No, no, not a Colonel. A Captain, more like. Younger than a Colonel would be. And without quite the same authority. The Signor would know. Asserting authority but not quite possessing it.

Seymour remarked again on how perceptive Signor Ravanelli was, and how fortunate it had been that he had been summoned in time to prevent the incident from developing into something worse.

‘And then, you say, Signor Lomax did not, in fact, go in?’

Perhaps he had been too distressed by the incident. He was, perhaps, not as used to such things as he, Signor Ravanelli, was. But, no. He had waited, and seen the man go, and then had left himself.

Strange people had begun to appear in the Piazza Grande. They were dressed differently from the other people, more casually, even messily, and stood out strikingly from the usual close-cropped, uniformed male citizenry. They sat at the cafes’ tables drinking and arguing.

The focus of their argument appeared to be a sheet of paper which many of them were carrying. Seymour managed to get a glimpse of it as he went past one of the tables. Futurist Manifesto was the heading, and Citizens of the Future … it began.

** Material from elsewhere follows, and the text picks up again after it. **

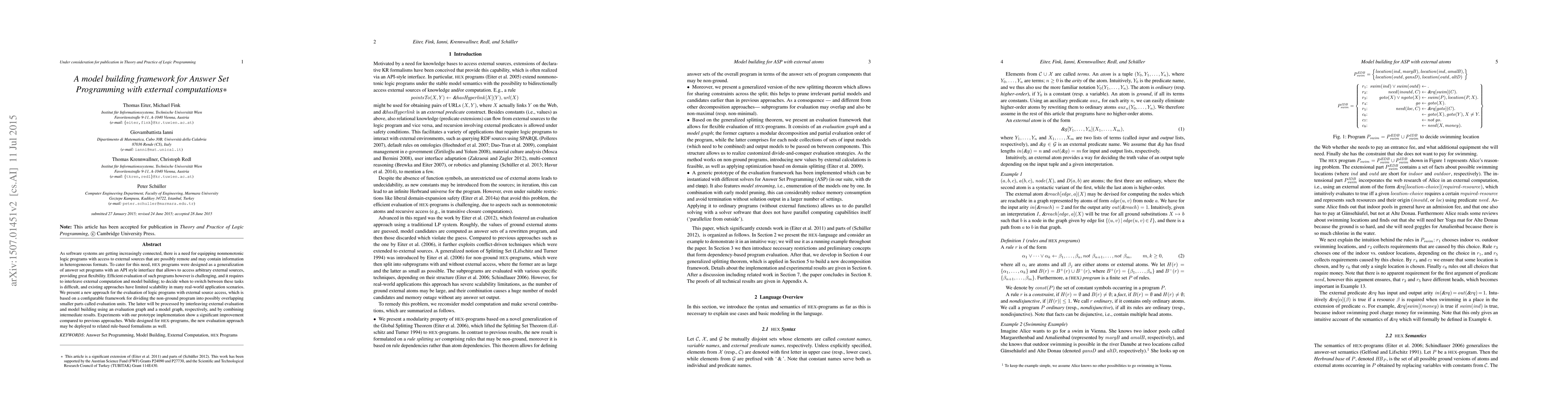 This paper introduces a new framework for evaluating Answer Set Programming (ASP) models that incorporate external computations, specifically designed for HEX programs. The framework divides the program into smaller parts called evaluation units, interleaves external evaluation and model building, and shows significant improvements in efficiency over previous methods.

By the evening the piazza seemed full of Citizens of the Future. Seymour had had doubts about whether Marinetti’s ‘Futurist Evening’, whatever that was, would get off the ground. He seemed to have been wrong.

Later in the evening he went through the piazza again. The arguing was still continuing. Indeed, it had grown more animated.

Marinetti himself was at one of the tables, not the artists’ table this time.

‘Art feels out the Future,’ Seymour heard him declaiming. ‘Art is the Future.’

But then there came a dissenting voice.

‘No, it’s not,’ someone said.

‘Not?’ said Marinetti, caught, for the moment, off-balance.

‘Art,’ said the dissenting voice firmly, ‘is outside time.’

Seymour recognized the voice now. It belonged to James.

Marinetti regathered himself.

‘Futurist Art is the Future,’ he roared. ‘All other art belongs to the past.’

James aimed a blow at him, missed, and fell across the table.

‘Other art,’ bellowed Marinetti, ‘the art of the museums, the galleries, the studios, is dead! It speaks in whispers. Polite, decorous whispers. “Oh, do please come and look at my beautiful, boring trees and my sweet, so sweet flowers! My beautiful blue waves Blue! Why should waves be blue, tell me that? Blue whispers, sends you to sleep. Why shouldn’t waves be red?

‘Close your eyes, and what colour do you see? Close them tighter, hold them shut. Red! Red, that is what you see. Red, that is what man brings to the world. Behind his polite, smiling eyes he sees the world as red.